Chissà se gli edifici hanno un’anima. Prendiamo il palazzo storico di via Mario de’ Fiori 98 a Roma, dove ha appena aperto La Ménagère, il concept restaurant nato a Firenze nel 2015 e al suo primo step di espansione in Italia con in programma una seconda location sempre a Firenze, una a Milano e un obiettivo di crescita dai tredici milioni di euro di fatturato 2023 a venti milioni in tempi brevi.
Nel Seicento, ci viveva Gian Lorenzo Bernini, scultore, urbanista, architetto, pittore, immenso protagonista del Barocco. Al piano terra dove ora ci si accomoda per per prendersi un buon caffè, per appollaiarsi lungo il bancone del cocktail bar, per gustare il filetto alla Wellington o lo spaghetto aglio, olio, peperoncino, prezzemolo e bottarga tipici del brand, si dice ci fosse il suo atelier e che lui dall’alto tenesse d’occhio il lavoro dei garzoni di bottega. Senza dimenticare che, quattro secoli dopo, quegli spazi a pochi passi da Piazza di Spagna hanno infiammato le notti della capitale.
Quando alla Roma chic è arrivato l’invito per l’inaugurazione dei mille metri quadrati di La Ménagère con una capienza di duecento coperti, in tanti hanno avuto un sussulto: «Dove c’era il Gilda!». Il Gilda è un pezzo di storia della nightlife locale, fondato dallo stesso proprietario del Piper nel 1987 e teatro di feste memorabili, come quella durata tre sere di seguito organizzata dalle sorelle Fendi a fine anni Ottanta, oltre a esibizioni stratosferiche da David Bowie a James Brown, Liza Minnelli, Quincy Jones, Duran Duran, Rod Stewart, fino alla chiusura nel 2017. Ecco perché varcare oggi la soglia del “luogo dei luoghi”, come la proprietaria famiglia Manfredi ama definire La Ménagère, ha qualcosa di unico.
Se i palazzi hanno un’anima, di sicuro quella del 98 di via Mario de’ Fiori sorrideva l’altra sera nel rivedere la gente chiacchierare, occhieggiare, sorseggiare, assaporare sotto al grande lucernario che di giorno inonda di luce lo spazio progettato dall’architetto Claudio Nardi, già al fianco dei Manfredi nella ristrutturazione toscana.
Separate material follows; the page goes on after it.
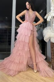 Two Piece V-Neck Backless Sparkly Party Prom Dress With Tulle Train

Ma forse avrà sorriso ancor di più nel pomeriggio, quando il personale si muoveva svelto e silenzioso in sala per gli ultimi ritocchi.
È raro assistere al dietro le quinte di un’inaugurazione importante. Aleggia un’agitazione sottile, qualcuno controlla che il pianoforte a coda accanto al corner dedicato ai fiori sia bene accordato. Le sarte occupano temporaneamente la sala privè con ritratti di cardinali alle pareti e uno splendido tavolo di palissandro al centro per dare ancora un punto alle uniformi dei camerieri (giacchine bianche durante il giorno, rosse per la sera). Mentre nell’area bookshop, i libri vengono allineati con cura e le cristallerie, pronte per la vendita, spolverate a dovere.
Ernesto Manfredi, alla guida del progetto, ci prova a dialogare con la stampa con tono professionale: «Questo recupero conservativo ci consente di rispettare e valorizzare un’importante parte del patrimonio romano e di renderlo nuovamente fruibile per un pubblico non necessariamente di addetti ai lavori, anzi, variegato come lo sono i nostri campi di expertise e le occasioni di incontro e di confronto che La Ménagère offre», dice, ma gli brillano gli occhi per l’emozione. E chissà che l’anima del palazzo non si sia commossa nel vedere il direttore abbracciare di slancio i suoi collaboratori, come un allenatore con la squadra prima di una partita importante.
Ecco, ora a Roma c’è un locale in più dove fare colazione, pranzare, cenare o soltanto fermarsi a prendere dei fiori, un libro, una porcellana per la tavola. Una volta entrato a regime ci saranno sessanta persone assunte e pronte ad alternarsi dalle otto di mattina fino alle due di notte, sette giorni su sette. Forse i palazzi l’anima non ce l’hanno ma se vi capiterà di andarci, provate a non badare solo alla puntualità del servizio, al cibo, ai drink. Per mettere in piedi una struttura simile ci vogliono soldi e visione. Per renderla autentica, serve l’anima di chi lì ci lavora.